[Source data]
..........

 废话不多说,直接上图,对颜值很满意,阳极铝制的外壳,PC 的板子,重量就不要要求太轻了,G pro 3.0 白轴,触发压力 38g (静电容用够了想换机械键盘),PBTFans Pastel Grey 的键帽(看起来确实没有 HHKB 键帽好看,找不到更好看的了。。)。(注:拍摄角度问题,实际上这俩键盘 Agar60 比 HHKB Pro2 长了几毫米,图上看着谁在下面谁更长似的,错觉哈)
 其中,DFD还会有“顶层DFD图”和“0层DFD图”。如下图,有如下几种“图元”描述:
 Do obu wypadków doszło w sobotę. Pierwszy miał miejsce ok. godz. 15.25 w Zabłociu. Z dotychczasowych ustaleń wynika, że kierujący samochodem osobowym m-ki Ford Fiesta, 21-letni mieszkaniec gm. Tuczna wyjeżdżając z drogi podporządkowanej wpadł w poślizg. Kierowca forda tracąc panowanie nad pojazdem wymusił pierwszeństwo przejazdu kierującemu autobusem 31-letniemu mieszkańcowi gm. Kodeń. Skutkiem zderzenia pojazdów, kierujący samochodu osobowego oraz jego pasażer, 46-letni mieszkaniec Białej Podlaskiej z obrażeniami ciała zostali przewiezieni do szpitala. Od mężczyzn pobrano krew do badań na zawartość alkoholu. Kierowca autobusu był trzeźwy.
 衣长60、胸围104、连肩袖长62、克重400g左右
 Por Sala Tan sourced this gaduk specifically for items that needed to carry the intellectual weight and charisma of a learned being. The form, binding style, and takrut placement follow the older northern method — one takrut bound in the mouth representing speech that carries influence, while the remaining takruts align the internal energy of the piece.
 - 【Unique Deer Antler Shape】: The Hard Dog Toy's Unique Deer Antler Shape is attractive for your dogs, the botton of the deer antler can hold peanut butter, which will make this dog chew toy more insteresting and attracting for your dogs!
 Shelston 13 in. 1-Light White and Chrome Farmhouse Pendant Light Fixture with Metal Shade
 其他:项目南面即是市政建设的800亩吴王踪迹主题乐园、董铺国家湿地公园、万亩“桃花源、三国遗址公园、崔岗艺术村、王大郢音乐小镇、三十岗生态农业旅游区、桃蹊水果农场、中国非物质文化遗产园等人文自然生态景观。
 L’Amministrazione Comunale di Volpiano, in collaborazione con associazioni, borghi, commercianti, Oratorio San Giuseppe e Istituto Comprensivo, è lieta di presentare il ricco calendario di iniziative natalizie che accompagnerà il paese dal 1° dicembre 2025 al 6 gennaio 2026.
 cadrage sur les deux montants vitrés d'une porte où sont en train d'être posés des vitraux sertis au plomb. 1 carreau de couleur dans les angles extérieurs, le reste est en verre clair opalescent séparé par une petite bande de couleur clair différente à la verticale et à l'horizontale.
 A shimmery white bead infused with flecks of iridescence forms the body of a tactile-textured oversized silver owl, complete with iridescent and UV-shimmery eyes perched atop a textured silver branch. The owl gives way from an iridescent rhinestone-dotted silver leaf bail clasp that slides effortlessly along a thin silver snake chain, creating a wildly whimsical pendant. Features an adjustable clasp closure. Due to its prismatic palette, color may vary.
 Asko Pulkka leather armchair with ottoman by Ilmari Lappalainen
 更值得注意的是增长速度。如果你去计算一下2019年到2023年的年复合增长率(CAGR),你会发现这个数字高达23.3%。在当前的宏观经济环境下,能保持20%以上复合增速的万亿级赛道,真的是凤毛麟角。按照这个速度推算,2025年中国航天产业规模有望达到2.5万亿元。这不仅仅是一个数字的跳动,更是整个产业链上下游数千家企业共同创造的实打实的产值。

..........

Output every line above so that it reads exactly as before.

Answer area –
 废话不多说,直接上图,对颜值很满意,阳极铝制的外壳,PC 的板子,重量就不要要求太轻了,G pro 3.0 白轴,触发压力 38g (静电容用够了想换机械键盘),PBTFans Pastel Grey 的键帽(看起来确实没有 HHKB 键帽好看,找不到更好看的了。。)。(注:拍摄角度问题,实际上这俩键盘 Agar60 比 HHKB Pro2 长了几毫米,图上看着谁在下面谁更长似的,错觉哈)
 其中,DFD还会有“顶层DFD图”和“0层DFD图”。如下图,有如下几种“图元”描述:
 Do obu wypadków doszło w sobotę. Pierwszy miał miejsce ok. godz. 15.25 w Zabłociu. Z dotychczasowych ustaleń wynika, że kierujący samochodem osobowym m-ki Ford Fiesta, 21-letni mieszkaniec gm. Tuczna wyjeżdżając z drogi podporządkowanej wpadł w poślizg. Kierowca forda tracąc panowanie nad pojazdem wymusił pierwszeństwo przejazdu kierującemu autobusem 31-letniemu mieszkańcowi gm. Kodeń. Skutkiem zderzenia pojazdów, kierujący samochodu osobowego oraz jego pasażer, 46-letni mieszkaniec Białej Podlaskiej z obrażeniami ciała zostali przewiezieni do szpitala. Od mężczyzn pobrano krew do badań na zawartość alkoholu. Kierowca autobusu był trzeźwy.
 衣长60、胸围104、连肩袖长62、克重400g左右
 Por Sala Tan sourced this gaduk specifically for items that needed to carry the intellectual weight and charisma of a learned being. The form, binding style, and takrut placement follow the older northern method — one takrut bound in the mouth representing speech that carries influence, while the remaining takruts align the internal energy of the piece.
 - 【Unique Deer Antler Shape】: The Hard Dog Toy's Unique Deer Antler Shape is attractive for your dogs, the botton of the deer antler can hold peanut butter, which will make this dog chew toy more insteresting and attracting for your dogs!
 Shelston 13 in. 1-Light White and Chrome Farmhouse Pendant Light Fixture with Metal Shade
 其他:项目南面即是市政建设的800亩吴王踪迹主题乐园、董铺国家湿地公园、万亩“桃花源、三国遗址公园、崔岗艺术村、王大郢音乐小镇、三十岗生态农业旅游区、桃蹊水果农场、中国非物质文化遗产园等人文自然生态景观。
 L’Amministrazione Comunale di Volpiano, in collaborazione con associazioni, borghi, commercianti, Oratorio San Giuseppe e Istituto Comprensivo, è lieta di presentare il ricco calendario di iniziative natalizie che accompagnerà il paese dal 1° dicembre 2025 al 6 gennaio 2026.
 cadrage sur les deux montants vitrés d'une porte où sont en train d'être posés des vitraux sertis au plomb. 1 carreau de couleur dans les angles extérieurs, le reste est en verre clair opalescent séparé par une petite bande de couleur clair différente à la verticale et à l'horizontale.
 A shimmery white bead infused with flecks of iridescence forms the body of a tactile-textured oversized silver owl, complete with iridescent and UV-shimmery eyes perched atop a textured silver branch. The owl gives way from an iridescent rhinestone-dotted silver leaf bail clasp that slides effortlessly along a thin silver snake chain, creating a wildly whimsical pendant. Features an adjustable clasp closure. Due to its prismatic palette, color may vary.
 Asko Pulkka leather armchair with ottoman by Ilmari Lappalainen
 更值得注意的是增长速度。如果你去计算一下2019年到2023年的年复合增长率(CAGR),你会发现这个数字高达23.3%。在当前的宏观经济环境下,能保持20%以上复合增速的万亿级赛道,真的是凤毛麟角。按照这个速度推算,2025年中国航天产业规模有望达到2.5万亿元。这不仅仅是一个数字的跳动,更是整个产业链上下游数千家企业共同创造的实打实的产值。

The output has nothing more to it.